Sony's 2013 portable Bluetooth wireless speaker offerings are pretty varied. At the low end -- or entry level, as companies prefer to describe it -- you have the ball-style SRS-BTV5 ($69). Then there's the purse-style SRS-BTM8, which retails for $99. And finally, at the high end you have the SRS-BTX300 ($199.99) and the SRS-BTX500 ($299.99).
I'm most impressed with the X-series line -- especially the subject of this review, the SRS-BTX500, which has a very slick design and delivers excellent sound for a compact Bluetooth speaker. At around $300, it competes against such products as Bose's SoundLink Bluetooth Mobile Speaker II and the Jawbone Big Jambox and should be on your short list if you're looking for a premium portable Bluetooth speaker.
Design and features
Like a lot of these Bluetooth speakers that don't feature any sort of dock, the SRS-BTX500 has a clean, sleek look, and the speaker is a classic example of Sony's design prowess. If there's a fault, it's that the matte finish on the back scratches pretty easily if you rub it up against a rough or sharp surface. But otherwise it's really nice. It has a bit of brushed metal on the sides and measures 15.1 inches wide and 6 inches tall, and has a depth of 2.5 inches.
I liked how there's a slot for on the back to fit your fingers into when carrying the speaker (it's sort of like a handle without being a handle). And there's a kickstand for propping up the speaker -- it retracts and folds flat when you want to stow the speaker in the included protective neoprene carrying case.
At 4 pounds, 7 ounces, the SRS-BTX500 has some heft to it, and it's probably not something you want to be carrying around in your luggage, though it will certainly fit. The speaker seems better suited to moving from room to room and outside onto the patio. Sure, you can carry it wherever you want, but with its more executive styling I don't see this as a speaker you'd want to bring to the beach.

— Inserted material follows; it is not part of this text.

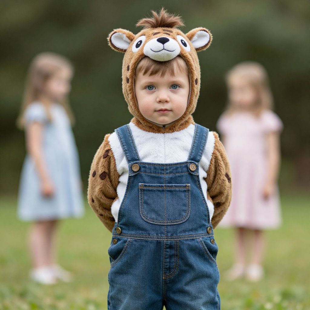 Infant bunting costume, solo, brown hair, looking at viewer, animal costume, realistic, arms behind back, male focus, outdoors, overalls, 1boy, 1girl, blurry background, blurry, grass, blue eyes

To add a little flair, Sony's designers equipped the base of the speaker in front with a glowing, thin blue light. There are few buttons on the side of the speaker (power on/off, auxiliary input, sound mode, and pairing mode), as well as a couple on top -- a call end/answer button for speakerphone calls and a volume control -- but overall the design is fairly minimalist.
The notable extras here are the speakerphone capabilities, an integrated USB charging port for juicing up your smartphone -- the AC adapter has to be plugged in for this feature to work -- and NFC pairing for compatible devices.

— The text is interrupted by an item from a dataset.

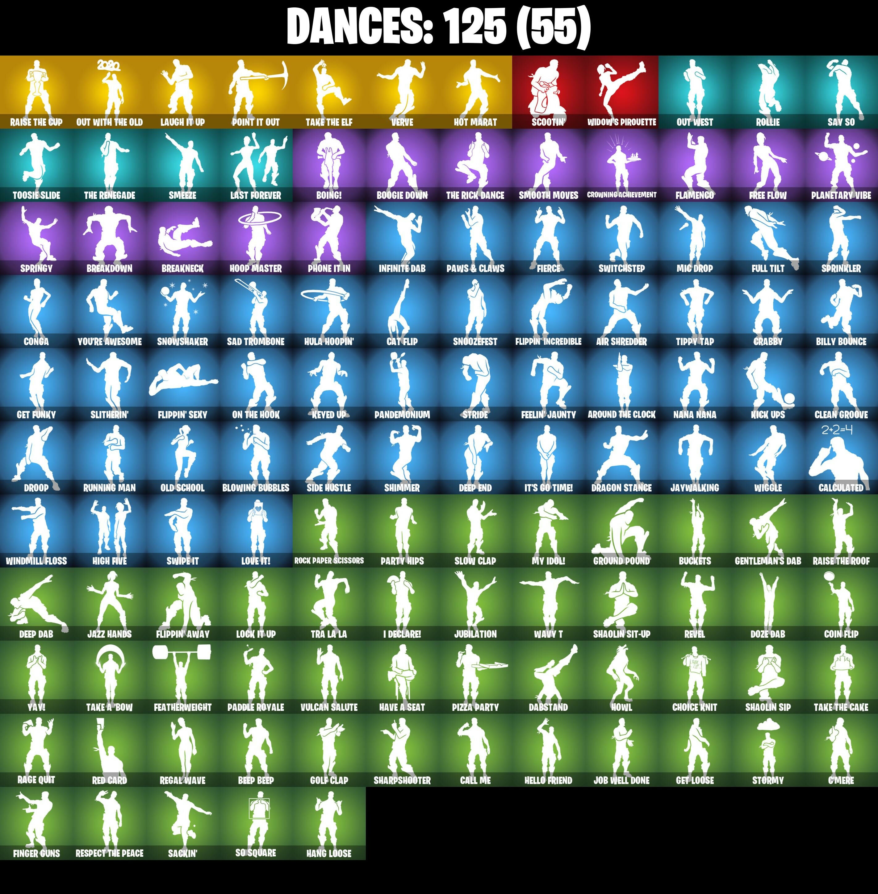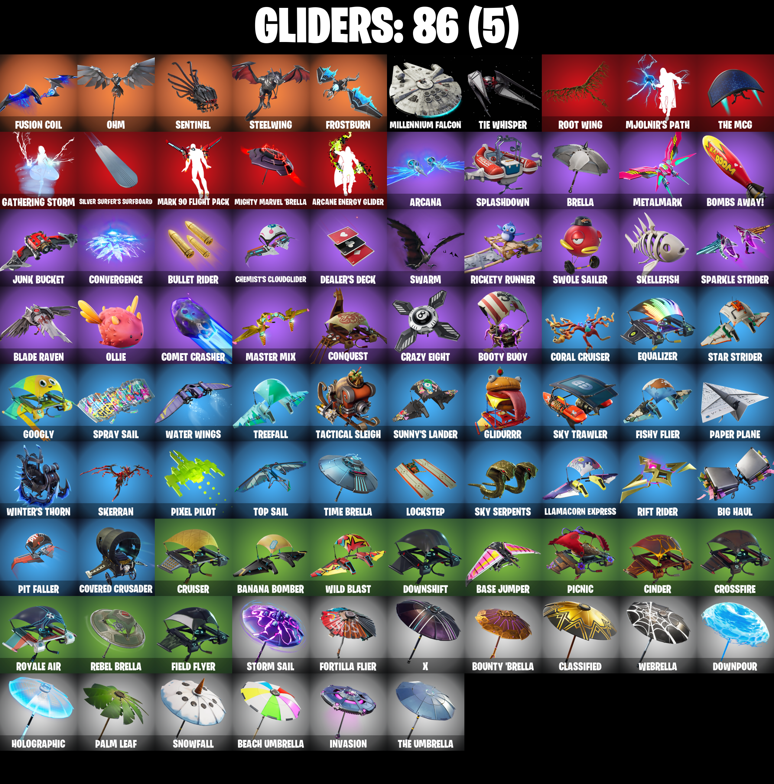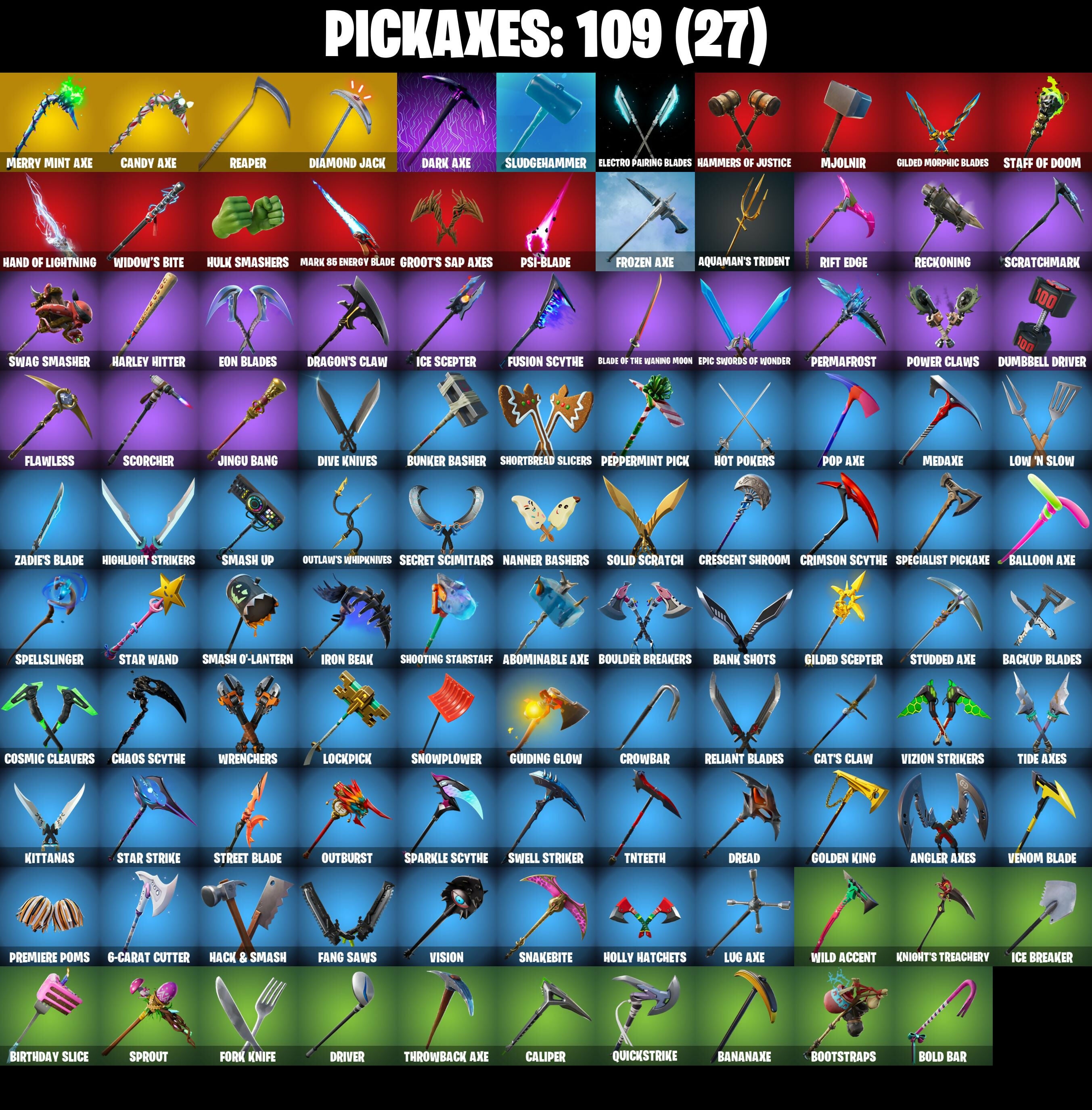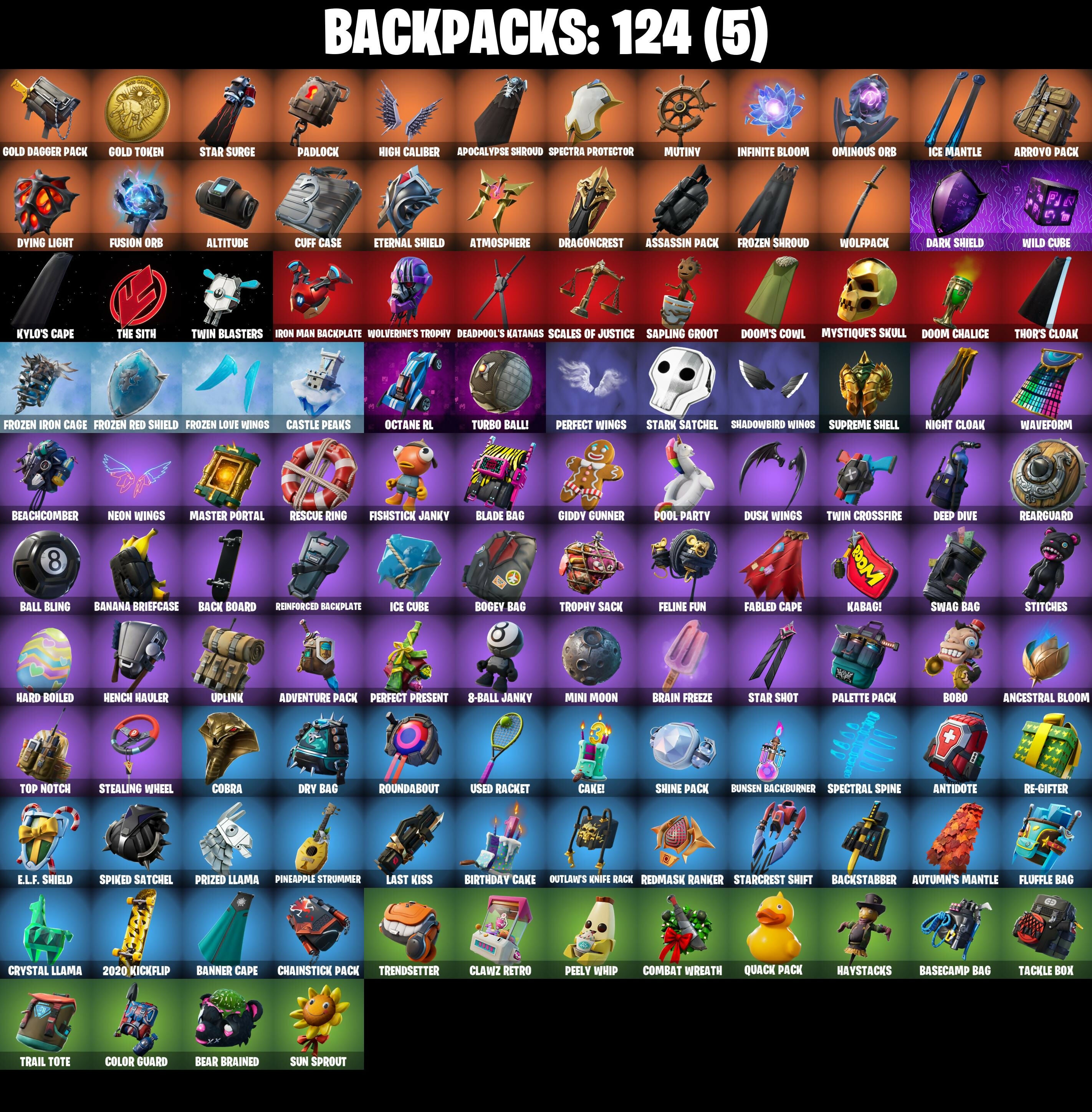 2020 Kickflip, 6-Carat Cutter, 8-Ball Janky, 8-Ball vs Scratch, Abominable Axe, Adventure Pack, Agent Peely, Air Shredder, Altitude, Ancestral Bloom, Angler Axes, Antidote, Apocalypse Shroud, Aquaman, Aquaman's Trident, Arcana, Arcane Energy Glider, Arctic Assassin, Around The Clock, Arroyo Pack, Arthur Curry, Assassin Pack, Atmosphere, Aura, Autumn's Mantle, Back Board, Backstabber, Backup Blades, Ball Bling, Balloon Axe, Banana Bomber, Banana Briefcase, Bananaxe, Bank Shots, Banner Cape, Base Jumper, Basecamp Bag, Beach Umbrella, Beachcomber, Bear Brained, Beep Beep, Big Haul, Billy Bounce, Birthday Cake, Birthday Slice, Black Werewolf, Blackheart, Blackheart (Stage 8), Blade Bag, Blade Of The Waning Moon, Blade Raven, Blowing Bubbles, Bobo, Bogey Bag, Boing!, Bold Bar, Bombs Away!, Boogie Down, Bootstraps, Booty Buoy, Boulder Breakers, Bounty 'Brella, Brain Freeze, Breakdown, Breakneck, Brella, Buckets, Bullet Rider, Bullseye, Bunker Basher, Bunsen Backburner, C'mere, Cake!, Calamity, Calamity Stage 5, Calculated, Caliper, Call Me, Cameo vs Chic, Candy Axe, Castaway Jonesy, Castle Peaks, Cat Flip, Cat's Claw, Catalyst, Catalyst (Overcharged), Chainstick Pack, Chaos Scythe, Chemist's Cloudglider, Choice Knit, Cinder, Classified, Clawz Retro, Clean Groove, Clinical Crosser, Cobalt, Cobra, Codename E.L.F., Coin Flip, Color Guard, Combat Wreath, Comet Crasher, Commando, Conga, Conquest, Convergence, Coral Cruiser, Cosmic Cleavers, Covered Crusader, Crabby, Crazy Eight, Crescent Shroom, Crimson Scythe, Crossfire, Crowbar, Crowning Achievement, Cruiser, Cryptic, Crystal, Crystal Llama, Cuff Case, DJ Yonder, Dabstand, Dark Axe, Dark Jonesy, Dark Red Knight, Dark Shield, Dark Wild Card, Deadpool, Deadpool Unmasked, Deadpool's Katanas, Dealer's Deck, Deep Dab, Deep Dive, Deep End, Diamond Diva, Diamond Jack, Dire, Dive Knives, Doctor Doom, Doom Chalice, Doom's Cowl, Downpour, Downshift, Doze Dab, Dragon Stance, Dragon's Claw, Dragoncrest, Dread, Drift, Drift Stage 5, Driver, Droop, Dry Bag, Dumbbell Driver, Dusk, Dusk Wings, Dying Light, Dynamo, E.L.F. Shield, Electro Pairing Blades, Ember, Envoy, Eon Blades, Epic Swords Of Wonder, Equalizer, Eternal Knight, Eternal Shield, Eternal Voyager, Eternal Voyager (Eternal), Fable, Fabled Cape, Fade, Fang Saws, Fate, Featherweight, Feelin' Jaunty, Feline Fun, Field Flyer, Fierce, Finger Guns, Fishstick Janky, Fishy Flier, Flamenco, Flawless, Flippin' Away, Flippin' Incredible, Flippin' Sexy, Fluffle Bag, Fork Knife, Fortilla Flier, Free Flow, Frostburn, Frozen Axe, Frozen Fishstick, Frozen Iron Cage, Frozen Love Ranger, Frozen Love Wings, Frozen Nog Ops, Frozen Raven, Frozen Red Knight, Frozen Red Shield, Frozen Shroud, Full Tilt, Fusion, Fusion Coil, Fusion Orb, Fusion Scythe, Gathering Storm, Gear Specialist Maya, Gentleman's Dab, Get Funky, Get Loose, Ghoul Trooper, Giddy Gunner, Giddy-Up, Gilded Morphic Blades, Gilded Scepter, Ginger Gunner, Glidurrr, Gold Brutos, Gold Brutus, Gold Dagger Pack, Gold Midas, Gold Token, Golden King, Golf Clap, Googly, Groot, Groot (Silver Foil), Groot's Sap Axes, Ground Pound, Guff, Guiding Glow, Hack & Smash, Hammers Of Justice, Hand Of Lightning, Hang Loose, Happy, Hard Boiled, Harley Hitter, Have A Seat, Haystacks, Hello Friend, Hench Hauler, High Caliber, High Five, Highlight Strikers, Holly Hatchets, Holographic, Hoop Master, Hot Marat, Hot Pokers, Howl, Hula Hoopin', Hulk Smashers, Huntress, Hybrid, Hybrid (Stage 4), I Declare!, Ice Breaker, Ice Cube, Ice King (Gold), Ice Mantle, Ice Scepter, Inferno, Infinite Bloom, Infinite Dab, Invasion, Iris, Iron Beak, Iron Man Backplate, It's Go Time!, Jaywalking, Jazz Hands, Jennifer Walters, Jingu Bang, Job Well Done, John Wick, Journey vs Hazard, Jubilation, Jules, Junk Bucket, Kabag!, Keyed Up, Kick Ups, Kit, Kittanas, Knight's Treachery, Kylo Ren, Kylo's Cape, Lace, Laguna, Last Forever, Last Kiss, Laugh It Up, Llamacorn Express, Lock It Up, Lockpick, Lockstep, Love It!, Low 'N Slow, Lt. Evergreen, Lug Axe, Luxe, Luxe (Gold Clothing), Lynx, Lynx (Stage 4 - No Ponytail), Manic, Mark 86 Energy Blade, Mark 90 Flight Pack, Marked Marauder, Masked, Master Key, Master Key (Masked), Master Mix, Master Portal, Medaxe, Meowscles, Merry Mint Axe, Metalmark, Mic Drop, Mighty Marvel 'Brella, Millennium Falcon, Mini Moon, Mjolnir, Mjolnir's Path, Mutiny, My Idol!, Mystique, Mystique's Skull, Nana Nana, Nanner Bashers, Neon Wings, Night Cloak, Nightshade, Nog Ops, Ocean, Octane RL, Ohm, Old School, Ollie, Ominous Orb, On The Hook, Onesie, Onesie (Winter), Out West, Out With The Old, Outburst, Outlaw's Knife Rack, Outlaw's Whipknives, PJ Patroller, Paddle Royale, Padlock, Palette Pack, Palm Leaf, Pandemonium, Paper Plane, Par Patroller, Party Hips, Paws & Claws, Peely, Peely Whip, Peppermint Pick, Perfect Present, Perfect Shadow, Perfect Wings, Permafrost, Phone It In, Picnic, Pineapple Strummer, Pit Faller, Pixel Pilot, Pizza Party, Planetary Vibe, Point It Out, Poised Playmaker, Polar Peely, Pool Party, Pop Axe, Powder, Powder (White), Power Claws, Premiere Poms, Prized Llama, Psi-Blade, Quack Pack, Quickstrike, Rabbit Raider, Rage Quit, Ragnarok, Ragnarok (No Shoulder Pad), Raise The Cup, Raise The Roof, Re-Gifter, Reaper, Rearguard, Rebel Brella, Reckoning, Recon Expert, Red Card, Red Jade, Redline, Redmask Ranker, Regal Wave, Reinforced Backplate, Reliant Blades, Remedy (Purple), Remedy vs Toxin, Rescue Ring, Respect The Peace, Revel, Rickety Runner, Rift Edge, Rift Rider, Rippley vs Sludge, Riptide, Rock Paper Scissors, Rollie, Rook, Root Wing, Roundabout, Royale Air, Ruin, Running Man, Sackin', Sad Trombone, Sapling Groot, Say So, Scales of Justice, Scarlet Defender, Scootin', Scorcher, Scratch (Virus), Scratchmark, Scuba Jonesy, Secret Scimitars, Seeker, Sentinel, Sgt. Winter, Sgt. Winter Headgear, Shadow Skully, Shadowbird, Shadowbird Wings, Shaolin Sip, Shaolin Sit-Up, Sharpshooter, Shimmer, Shine Pack, Shooting Starsstaff, Shortbread Slicers, Side Hustle, Sidewinder, Si

In case you don't know what NFC (near-field communication) is, it's available in only certain smartphones, including recent Sony Xperia smartphones, as well as the Samsung Galaxy S3, S4, and ; here it allows you to tap your phone or tablet on the speaker to automatically pair with it and to disconnect. I don't find that terribly compelling -- it doesn't really save you more than a second or two -- but these days and more companies are adding it to their Bluetooth speakers.
In order for NFC pairing to work, you'll have to first download the free NFC Easy Connect app from the Google Play Store. I loaded it onto a Galaxy S3 and was able to pair without a problem. I had some trouble using NFC pairing with the Sony SRS-BTV5, but it worked flawlessly with this speaker.
I also had no trouble pairing the old-fashioned, non-NFC way with an iPhone 4S and an iPad Mini.